Долгое дело
Шрифт:
Подобных опознаний он сделал, может быть, сотню. Процессуальные нормы знает назубок, материалы дела читаны-перечитаны, все вопросы продумал, Калязину бесспорно опознают... Тогда чего ж он волнуется, скрывая это волнение от самого себя? Зачем бессмысленно листает страницы? Уж не боится ли той психической силы, про которую говорила Лида? При таком-то чистом дне?
Рябинин повернулся к окну...
Всю ночь лил дождь, сильный и мелкий, как душ. К утру тучи уползли куда-то к себе, оставив небо нетронутой синевы, без дымки и вроде бы и без воздуха - до того ясное, что полети там муха, было бы видно.
Ему вдруг показалось - да он видел вот сейчас за окном, - что-то огромное и черное пересекло утренний блеск листьев, как перечеркнуло. Пронеслось у самых окон, сверху вниз, упало с дома. Оборвался с крыши сугроб снега... Посреди чистого августа?
Рябинин стремительно обернулся, успев в миг, необходимый для поворота головы, догадаться, что он сейчас вздрогнет от неожиданности, и в этот же миг успев решить, что ему нужно сделать, чтобы испуг прошел незамеченным. Рябинин стремительно обернулся - вздрогнул очками и схватил ручку одновременно. И пока осознал виденное - секунду, две? - его сознание в четкой последовательности, но как-то разом сумело отвергнуть два предположения об увиденном... Ворона, посреди кабинета стояла гигантская ворона... Посреди кабинета стояла жуткая, неизвестная ему женщина... И наконец-то...

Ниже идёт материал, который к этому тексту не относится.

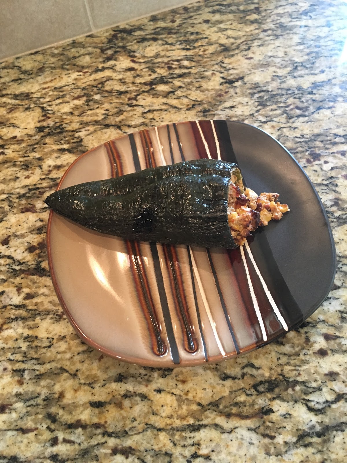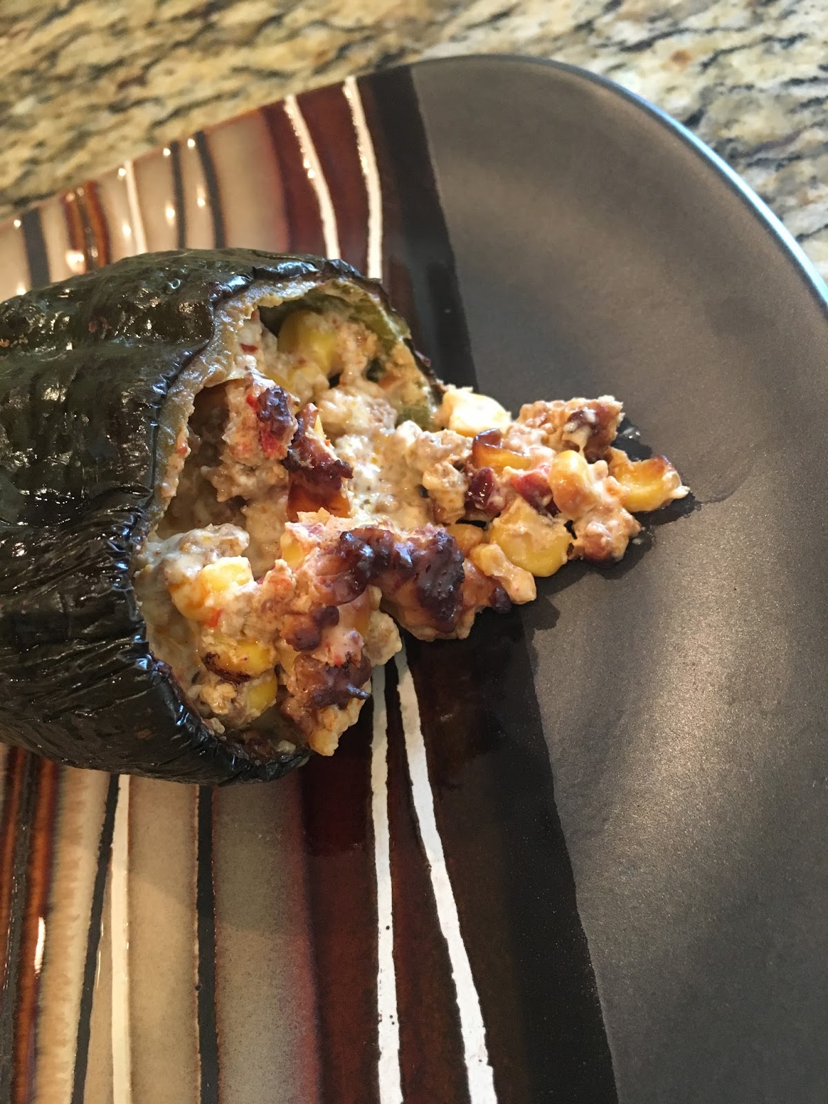 Mix together and split between two large poblanos (tops cut off and seeded):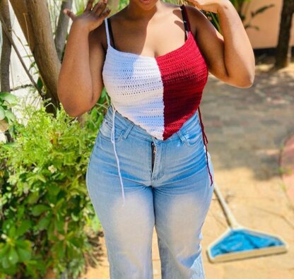 I made this pattern because I love corset tops but I wanted to challange myself to make something unique from the ones on the market. You can combine any two colors of your choice or you can use one color. My favourite part is that through adding and subtracting chains you can adjust the size.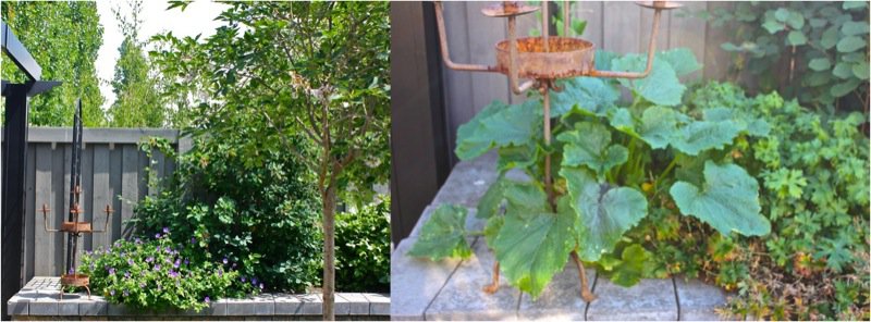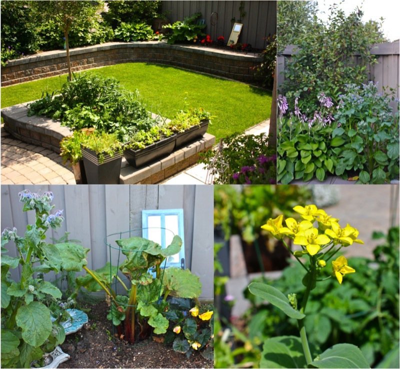 I am sure you can see which photo is of which month. The Hosta’s bloomed at the end of July and are still blooming, but the Borage shocked me. Below, left, you will see the rhubarb against the fence next to the Hosta. To the right, you will see how much the Borage that didn’t exist at the end of June grew by the end of July!

Посреди кабинета стояла Калязина.
В длинном темном платье, свободно ниспадающем до пола. На груди тянутым эллипсом висела грубая цепочка из серого тусклого металла. Голова запеленована жгуче-черной повязкой, как чалмой. Губы накрашены чем-то темно-коричневым... Есть ли такая помада? И видимо, темная краска втерта в щеки, отчего они лоснились сухим и мрачным блеском. Чем же от нее должно пахнуть - антидухами?
Рябинин ждал, что Калязина явится к нему другой, подобающей ее новой роли, да одной и той же она никогда и не бывала. Но играть так дешево...
– Садитесь. - Он бросил карандаш в пластмассовый стакан.
– Вы меня вызвали поговорить о парапсихологии? - спросила она гортанным, незнакомым ему голосом.
– Нет.
– Может быть, о парапсихиатрии?
– Нет.
– А о парабиологии?
– Нет.
– О парасоциологии?
Он промолчал.
– О параграфологии?
– Я тоже могу...
– Что вы можете? - Она подняла черный, разъедающий взгляд.
– Прибавлять к разным понятиям словечко "пара".
– Я не только прибавляю, но и хорошо знаю их смысл.
– Ну, к примеру, что значит параграфология?
– Проникновение в подсознание личности через его почерк.
– Ага. А парапсихиатрия?
– Постижение мотивов поведения, которые мы не осознаем.
– Мне бы ваши мотивы постичь, - усмехнулся Рябинин.
– Поэтому вы берете лом, надеваете брезентовые рукавицы, кирзовые сапоги и входите в хрустальный домик?
– Хрустальный домик - это вы?
– Вернее, подходите к тончайшим пробиркам...
– В которых бурлит едкое варево, - опять усмехнулся Рябинин; много, нельзя столько усмехаться.
Из складок платья она выплеснула руки и закурила умело, по-мужски. Спичку, у которой обгорела лишь головка, положила не в пепельницу, а рядом, на край стола.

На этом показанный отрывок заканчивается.